§ **EXERCISE INSTRUCTIONS**
Across the material that follows, tally each line in which "Pink" occurs, and state the total alone.

§ **RECORDS FOR PROCESSING**
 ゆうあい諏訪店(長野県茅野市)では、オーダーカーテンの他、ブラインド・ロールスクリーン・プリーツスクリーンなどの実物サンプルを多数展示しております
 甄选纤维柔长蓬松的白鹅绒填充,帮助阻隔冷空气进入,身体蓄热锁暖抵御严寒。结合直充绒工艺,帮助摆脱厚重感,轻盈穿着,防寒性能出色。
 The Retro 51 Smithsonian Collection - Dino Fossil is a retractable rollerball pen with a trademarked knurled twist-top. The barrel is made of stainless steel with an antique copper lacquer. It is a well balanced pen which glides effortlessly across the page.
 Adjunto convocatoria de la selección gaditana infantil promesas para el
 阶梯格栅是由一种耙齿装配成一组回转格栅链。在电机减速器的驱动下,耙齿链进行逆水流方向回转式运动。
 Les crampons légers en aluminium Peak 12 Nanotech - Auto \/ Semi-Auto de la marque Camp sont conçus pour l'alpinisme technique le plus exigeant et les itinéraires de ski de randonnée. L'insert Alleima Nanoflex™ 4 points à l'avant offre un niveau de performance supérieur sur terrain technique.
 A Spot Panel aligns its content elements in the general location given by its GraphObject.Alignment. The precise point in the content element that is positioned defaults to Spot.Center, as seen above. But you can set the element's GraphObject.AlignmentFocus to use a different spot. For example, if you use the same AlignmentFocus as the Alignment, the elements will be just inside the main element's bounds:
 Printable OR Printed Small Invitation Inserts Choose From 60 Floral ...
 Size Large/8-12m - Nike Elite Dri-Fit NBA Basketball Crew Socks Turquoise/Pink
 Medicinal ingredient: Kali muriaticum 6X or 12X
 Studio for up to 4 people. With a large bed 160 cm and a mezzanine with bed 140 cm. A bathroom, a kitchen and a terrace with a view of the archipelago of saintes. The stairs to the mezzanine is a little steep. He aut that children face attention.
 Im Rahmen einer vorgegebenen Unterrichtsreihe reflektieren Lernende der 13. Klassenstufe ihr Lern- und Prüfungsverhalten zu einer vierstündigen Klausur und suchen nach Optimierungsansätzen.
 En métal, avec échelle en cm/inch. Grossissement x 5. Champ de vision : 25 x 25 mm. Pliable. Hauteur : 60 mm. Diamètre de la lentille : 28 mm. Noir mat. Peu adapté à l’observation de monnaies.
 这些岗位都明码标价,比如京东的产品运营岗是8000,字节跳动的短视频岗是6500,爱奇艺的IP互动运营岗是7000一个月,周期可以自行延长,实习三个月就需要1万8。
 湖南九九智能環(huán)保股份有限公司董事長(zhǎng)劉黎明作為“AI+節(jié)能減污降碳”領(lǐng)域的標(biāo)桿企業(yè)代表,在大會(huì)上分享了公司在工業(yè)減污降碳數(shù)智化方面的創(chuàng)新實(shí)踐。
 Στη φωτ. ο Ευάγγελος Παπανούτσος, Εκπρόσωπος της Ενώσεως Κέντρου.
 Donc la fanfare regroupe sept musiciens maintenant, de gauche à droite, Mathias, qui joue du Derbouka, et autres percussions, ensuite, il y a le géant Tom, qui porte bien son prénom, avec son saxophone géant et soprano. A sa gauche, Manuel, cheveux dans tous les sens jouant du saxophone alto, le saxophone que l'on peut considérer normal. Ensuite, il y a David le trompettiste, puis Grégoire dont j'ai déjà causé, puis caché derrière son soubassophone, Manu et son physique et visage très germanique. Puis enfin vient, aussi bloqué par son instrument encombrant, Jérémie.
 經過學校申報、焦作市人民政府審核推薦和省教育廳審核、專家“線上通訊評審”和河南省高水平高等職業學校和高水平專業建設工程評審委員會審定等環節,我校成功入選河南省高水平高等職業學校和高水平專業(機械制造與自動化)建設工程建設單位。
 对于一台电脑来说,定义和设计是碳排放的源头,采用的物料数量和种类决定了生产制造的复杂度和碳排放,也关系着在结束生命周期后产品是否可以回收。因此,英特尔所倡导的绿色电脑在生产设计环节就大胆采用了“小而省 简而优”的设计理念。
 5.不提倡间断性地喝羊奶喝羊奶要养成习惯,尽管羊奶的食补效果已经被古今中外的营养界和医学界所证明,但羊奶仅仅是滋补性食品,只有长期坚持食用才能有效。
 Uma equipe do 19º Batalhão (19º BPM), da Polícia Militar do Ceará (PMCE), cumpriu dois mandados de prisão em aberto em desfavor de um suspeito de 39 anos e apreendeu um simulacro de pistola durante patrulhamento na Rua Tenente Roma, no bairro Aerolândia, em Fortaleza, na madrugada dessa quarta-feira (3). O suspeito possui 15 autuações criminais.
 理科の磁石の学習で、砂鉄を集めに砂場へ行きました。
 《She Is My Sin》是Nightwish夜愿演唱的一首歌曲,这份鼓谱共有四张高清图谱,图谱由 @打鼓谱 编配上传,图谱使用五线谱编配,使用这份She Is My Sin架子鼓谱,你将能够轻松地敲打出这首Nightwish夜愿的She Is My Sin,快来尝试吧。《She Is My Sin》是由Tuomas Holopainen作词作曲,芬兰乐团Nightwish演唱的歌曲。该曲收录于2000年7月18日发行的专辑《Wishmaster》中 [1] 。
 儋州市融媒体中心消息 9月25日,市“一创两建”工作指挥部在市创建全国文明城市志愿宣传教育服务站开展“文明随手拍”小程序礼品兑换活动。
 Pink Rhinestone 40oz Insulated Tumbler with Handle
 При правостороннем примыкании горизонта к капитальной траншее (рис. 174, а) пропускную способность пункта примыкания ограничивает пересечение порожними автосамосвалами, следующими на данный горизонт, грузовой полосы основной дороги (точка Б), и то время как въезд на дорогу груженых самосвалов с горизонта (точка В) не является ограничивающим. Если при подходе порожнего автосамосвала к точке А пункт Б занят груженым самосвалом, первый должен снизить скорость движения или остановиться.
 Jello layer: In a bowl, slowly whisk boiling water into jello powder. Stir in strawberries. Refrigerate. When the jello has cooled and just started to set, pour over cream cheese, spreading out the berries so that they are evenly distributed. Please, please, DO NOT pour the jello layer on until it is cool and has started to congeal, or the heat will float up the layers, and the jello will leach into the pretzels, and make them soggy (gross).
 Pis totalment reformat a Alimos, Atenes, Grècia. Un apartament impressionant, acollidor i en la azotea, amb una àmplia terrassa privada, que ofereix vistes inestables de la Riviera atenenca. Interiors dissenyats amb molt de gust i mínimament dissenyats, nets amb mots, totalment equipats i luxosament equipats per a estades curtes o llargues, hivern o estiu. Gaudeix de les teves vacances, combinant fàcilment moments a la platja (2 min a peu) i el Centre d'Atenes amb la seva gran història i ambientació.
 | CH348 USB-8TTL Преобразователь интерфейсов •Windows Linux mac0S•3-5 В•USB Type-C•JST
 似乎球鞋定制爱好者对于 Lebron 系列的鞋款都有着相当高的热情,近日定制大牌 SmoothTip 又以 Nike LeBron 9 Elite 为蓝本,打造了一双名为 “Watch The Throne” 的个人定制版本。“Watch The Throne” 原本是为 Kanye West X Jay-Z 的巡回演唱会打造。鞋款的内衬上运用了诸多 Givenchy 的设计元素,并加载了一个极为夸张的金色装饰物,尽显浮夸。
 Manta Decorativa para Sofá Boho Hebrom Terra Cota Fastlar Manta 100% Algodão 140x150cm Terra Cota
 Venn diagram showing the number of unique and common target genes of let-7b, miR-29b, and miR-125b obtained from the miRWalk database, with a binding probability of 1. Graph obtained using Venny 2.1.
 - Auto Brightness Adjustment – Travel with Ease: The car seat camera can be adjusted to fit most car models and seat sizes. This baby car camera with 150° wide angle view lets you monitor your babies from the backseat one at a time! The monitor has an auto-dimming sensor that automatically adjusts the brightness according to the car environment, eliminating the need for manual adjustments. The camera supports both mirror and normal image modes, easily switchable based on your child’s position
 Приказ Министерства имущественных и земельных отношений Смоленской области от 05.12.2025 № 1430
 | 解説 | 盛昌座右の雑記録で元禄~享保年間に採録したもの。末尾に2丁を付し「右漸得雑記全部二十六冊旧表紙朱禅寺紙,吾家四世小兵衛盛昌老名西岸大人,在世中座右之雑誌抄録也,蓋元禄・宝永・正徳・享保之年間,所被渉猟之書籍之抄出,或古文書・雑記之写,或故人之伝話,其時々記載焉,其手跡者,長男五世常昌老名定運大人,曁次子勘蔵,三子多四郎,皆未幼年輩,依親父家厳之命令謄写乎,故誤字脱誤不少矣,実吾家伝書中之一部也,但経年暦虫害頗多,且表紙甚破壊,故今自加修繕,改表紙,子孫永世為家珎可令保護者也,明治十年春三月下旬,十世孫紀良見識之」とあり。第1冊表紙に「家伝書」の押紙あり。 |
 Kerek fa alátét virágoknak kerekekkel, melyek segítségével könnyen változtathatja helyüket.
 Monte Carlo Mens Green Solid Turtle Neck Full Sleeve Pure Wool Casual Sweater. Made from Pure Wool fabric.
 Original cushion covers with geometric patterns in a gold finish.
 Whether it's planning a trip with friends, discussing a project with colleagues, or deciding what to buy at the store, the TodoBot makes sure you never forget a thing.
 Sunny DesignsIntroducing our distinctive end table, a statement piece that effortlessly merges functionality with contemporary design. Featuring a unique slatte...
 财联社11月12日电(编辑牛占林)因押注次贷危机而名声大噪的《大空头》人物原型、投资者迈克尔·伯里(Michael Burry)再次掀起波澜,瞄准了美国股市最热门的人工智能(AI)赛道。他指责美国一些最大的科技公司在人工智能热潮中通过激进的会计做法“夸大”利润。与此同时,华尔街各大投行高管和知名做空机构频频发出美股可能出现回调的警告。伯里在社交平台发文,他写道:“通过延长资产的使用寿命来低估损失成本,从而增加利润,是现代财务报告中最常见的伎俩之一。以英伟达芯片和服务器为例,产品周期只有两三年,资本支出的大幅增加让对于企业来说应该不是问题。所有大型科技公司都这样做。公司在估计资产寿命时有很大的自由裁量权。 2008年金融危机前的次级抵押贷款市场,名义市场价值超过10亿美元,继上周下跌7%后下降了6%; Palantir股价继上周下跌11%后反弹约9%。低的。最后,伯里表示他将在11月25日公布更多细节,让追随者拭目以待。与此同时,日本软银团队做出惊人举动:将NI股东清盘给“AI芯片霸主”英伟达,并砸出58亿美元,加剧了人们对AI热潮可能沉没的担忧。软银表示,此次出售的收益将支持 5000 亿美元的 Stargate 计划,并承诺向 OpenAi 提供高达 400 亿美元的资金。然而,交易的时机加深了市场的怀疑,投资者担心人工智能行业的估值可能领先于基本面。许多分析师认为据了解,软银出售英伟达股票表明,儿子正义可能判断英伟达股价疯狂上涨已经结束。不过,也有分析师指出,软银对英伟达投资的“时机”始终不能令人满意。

§ **RESPONSE**
2